Gang Yong Cai v. United States Attorney General

251 F. App'x 134
CourtCourt of Appeals for the Third Circuit
DecidedOctober 23, 2007
DocketNo. 06-3077
StatusPublished

This text of 251 F. App'x 134 (Gang Yong Cai v. United States Attorney General) is published on Counsel Stack Legal Research, covering Court of Appeals for the Third Circuit primary law. Counsel Stack provides free access to over 12 million legal documents including statutes, case law, regulations, and constitutions.

Bluebook
Gang Yong Cai v. United States Attorney General, 251 F. App'x 134 (3d Cir. 2007).

Opinion

OPINION

Garth, Circuit Judge:

Petitioner Gang Yong Cai seeks review of a final order of removal entered by the Board of Immigration Appeals (“BIA”) on June 5, 2006. The BIA adopted and affirmed the decision of the Immigration Judge (“IJ”) to deny petitioner’s request for political asylum, withholding of removal, and relief under the Convention Against Torture (“CAT”). We have jurisdiction to review a final order of removal pursuant to 8 U.S.C. § 1252. We will deny the petition for review.

I

Petitioner filed applications for asylum and withholding of removal, claiming past persecution in China on account of political opinion because the government forced his wife to have an abortion. He also applied for CAT protection. At a hearing before the IJ, he testified in support of these applications.

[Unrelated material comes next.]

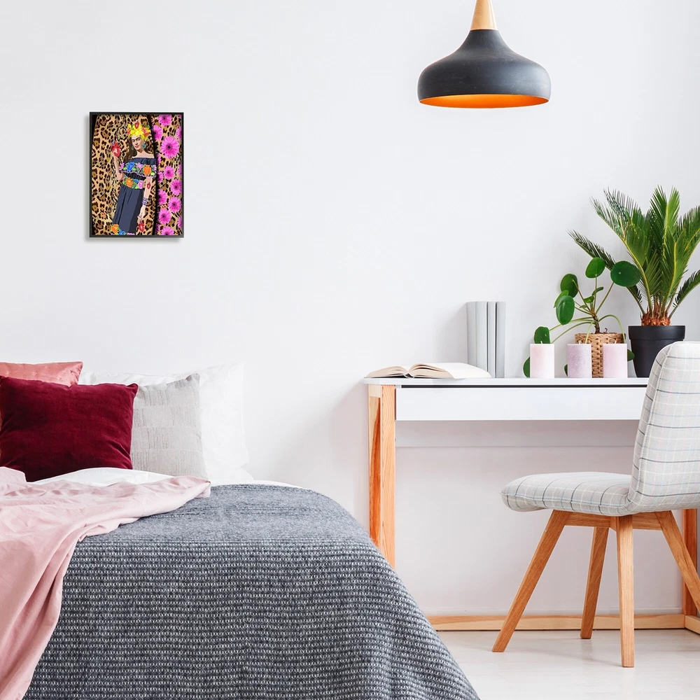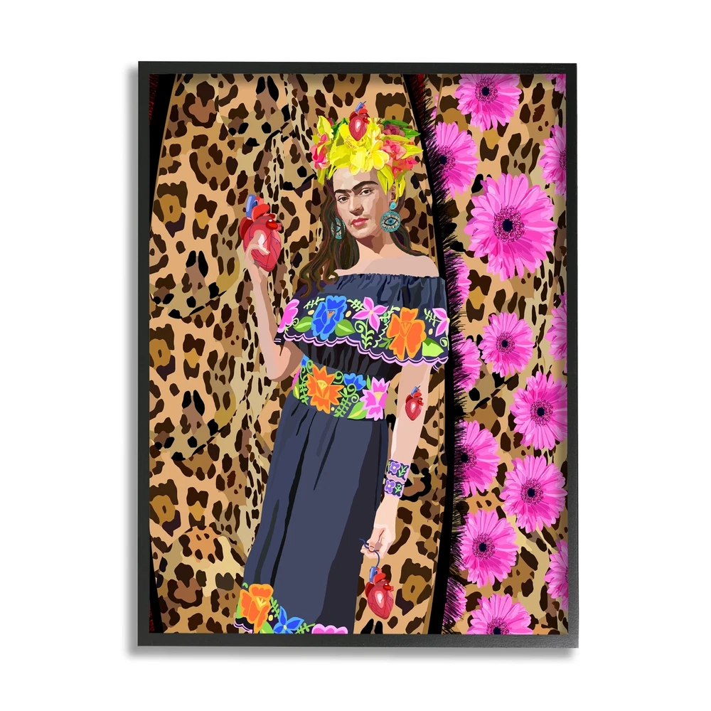 It is time to set up your room with of our fresh new 'Framed Giclee Textured Wall Art' pieces. You may have seen our Wooden or Canvas products, but our framed products are now available in three alluring styles: black, gray farmhouse and white. Our textured artwork will add more depth and dimension to any space. Each piece is mounted with a 1.5 inch thick ebony wood grain frame that is ready to hang! Looking for a statement piece? We have oversized artwork available.Features: Wall Art is Ready to Hang - No Installation or Hardware Needed. For Easy Set Up Lean or Layer Artwork on Shelf or Against Wall.Our giclée prints are carefully mounted on a durable MDF backing, and then perfectly finished in a 1.5 inch thick woodgrain frame. Frame colors include black, gray farmhouse and white. Made In Free Shipping Over $49.99* Details Stupell Glamorous Frida Standing Leopard Pattern Bold Floral Framed Wall Art - Product Description: It is time to set up your room with of our fresh new 'Framed Giclee Textured Wall Art' pieces. You may have seen our Wooden or Canvas products, but our framed products are now available in three alluring stylesblack, gray farmhouse and white. Our textured artwork will add more depth and dimension to any space. Each piece is mounted with a 1.5 inch thick ebony wood grain frame that is ready to hang! Looking for a statement piece? We have oversized artwork available. Features: Wall Art is Ready to Hang - No Installation or Hardware Needed. For Easy Set Up Lean or Layer Artwork on Shelf or Against Wall. Our giclée prints are carefully mounted on a durable MDF backing, and then perfectly finished in a 1.5 inch thick woodgrain frame. Frame colors include black, gray farmhouse and white. Made In USA. Artwork Ideal for any Living Room, Den, Entryway, Bedroom, Office, Kitchen or Bathroom. Design By Lynnda Rakos

Petitioner testified that he was born on January 30, 1975, in Longfeng Village, Fujian, China. He stated that he married his wife, Bi Yun Zheng (“Zheng”), in a traditional ceremony on October 1, 1995. Petitioner claimed that he and Zheng then had a daughter, born on August 14, 1996. Petitioner did not register their marriage with the government until March 3, 1997.

Petitioner testified that, when he went to register their marriage on that date, Zheng was required to have a physical examination. The exam disclosed that Zheng already had a child and that she was one month pregnant. Petitioner testi[136]*136fied that three people immediately took his wife to an operating room for an abortion. Zheng was also fitted for an IUD.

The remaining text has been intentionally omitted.